The woman peered at the necklace over her glasses, and then took hold of it and lifted it up. “Yes, of course I remember. It’s very unusual, isn’t it? I mean, it’s only glass, but I don’t think I’ve ever seen another one quite like it.”

“Do you know anything about its provenance?” asked Sissy.

“Provenance? I don’t think it has any kind of provenance. It’s just a costume piece, that’s all. I pick up quite a few interesting bits and bobs when I’m clearing houses. I wouldn’t sell them here, so now and again I take them down to the flea market to see what I can get for them.”

“So you don’t know anything about it? Where it came from, or who collected all of these mascots?”

“Well, I bought it from an elderly woman in Hyde Park. Her husband had died and she wanted to get rid of everything. He had one or two very fine paintings, as I remember, and a wonderful longcase clock. But he also had an awful lot of junk. Boxes and boxes of newspapers and old theater programs and buttons and coins. I think he was one of these people who never throw anything away.”

“You don’t have the woman’s name?”

“May I ask why you want to know?”

“Oh, I’m writing a book about jewelry and superstition,” Sissy lied. “You know, charm bracelets and birth- stones and things like that. And, as you say, this necklace is very unusual, isn’t it? I’m sure it must have a story.”

Ms.
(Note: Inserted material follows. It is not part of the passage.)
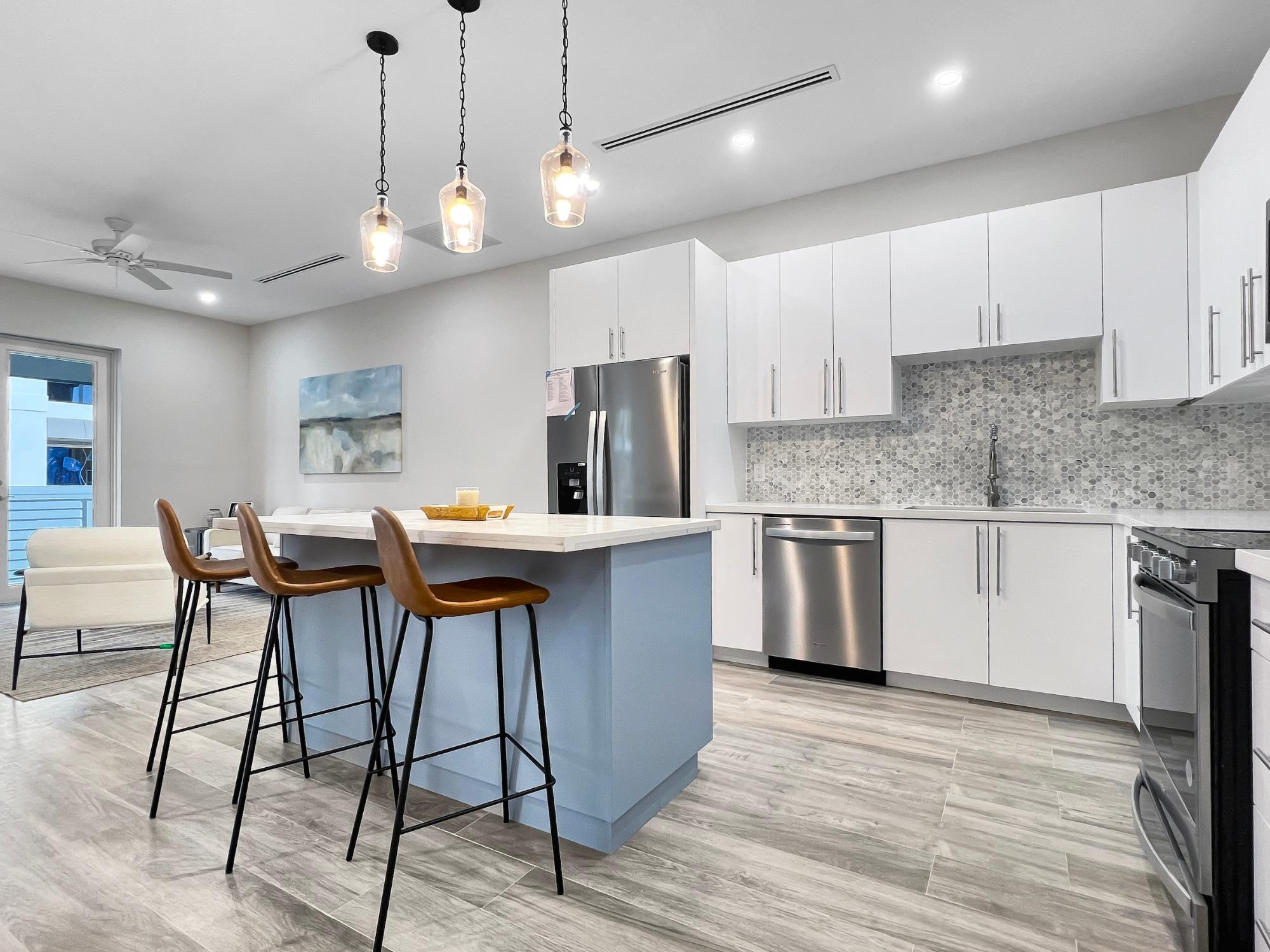This brand-new rental, just steps away from the iconic The Island "Caves" and a pristine stretch of white sandy beachfront, is now available for rent. Offered fully furnished, the unit is located within the gated community of Caves Terrace, a section of the increasingly popular Westlake Plantation community. From the moment you walk through the impressive 8-foot entryway, you are welcomed into a contemporary interior featuring high ceilings and stylish modern accents. Each room is thoughtfully designed with generous space, built-in closets with shelving, and an abundance of natural light. The guest bedroom features a contemporary queen bed, while the primary suite offers a king bed, a spacious walk-in closet, and a well-appointed bathroom with dual vanities and a frameless glass walk-in shower. The primary bedroom also features tall impact doors that open onto the patio, creating approximately 250 sq. ft. of outdoor living space. Other amenities include, pool, gazebo and full standby generator. With multiple units this property is an excellent option for companies or organizations.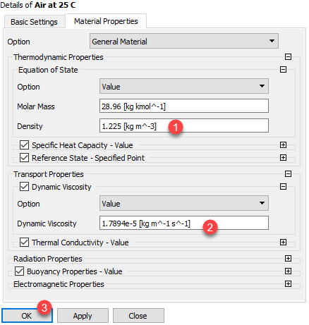 如下图所示,材料设置面板中修改Density为1.225 kg/m3

Carven went over to the gilded desk, opened the top drawer, and took out a leather-bound book. She licked her thumb and leafed through it until she came to the page she wanted. “Here you are. Mrs. Edwina Branson, 1556 Observatory Road. There’s a telephone number, too, if you want it.”

Mrs. Edwina Branson was well into her eighties. She was white haired, small, and stooped, and was dressed in a smart cream blouse with a pearl pin at the collar and a green plaid skirt. She obviously took good care of herself.

She lived in a ground-floor apartment overlooking a small courtyard. Her ginger cat was sleeping on the bricks outside her window. The apartment was furnished entirely with modern furniture — a beige couch, two beige chairs, and an oak-topped coffee table. The only pictures on the walls were photographs of her children and grandchildren.

“I have some iced tea if you’d care for some,” she told them.

“Thanks all the same,” said Sissy. “We don’t want to take up too much of your time.”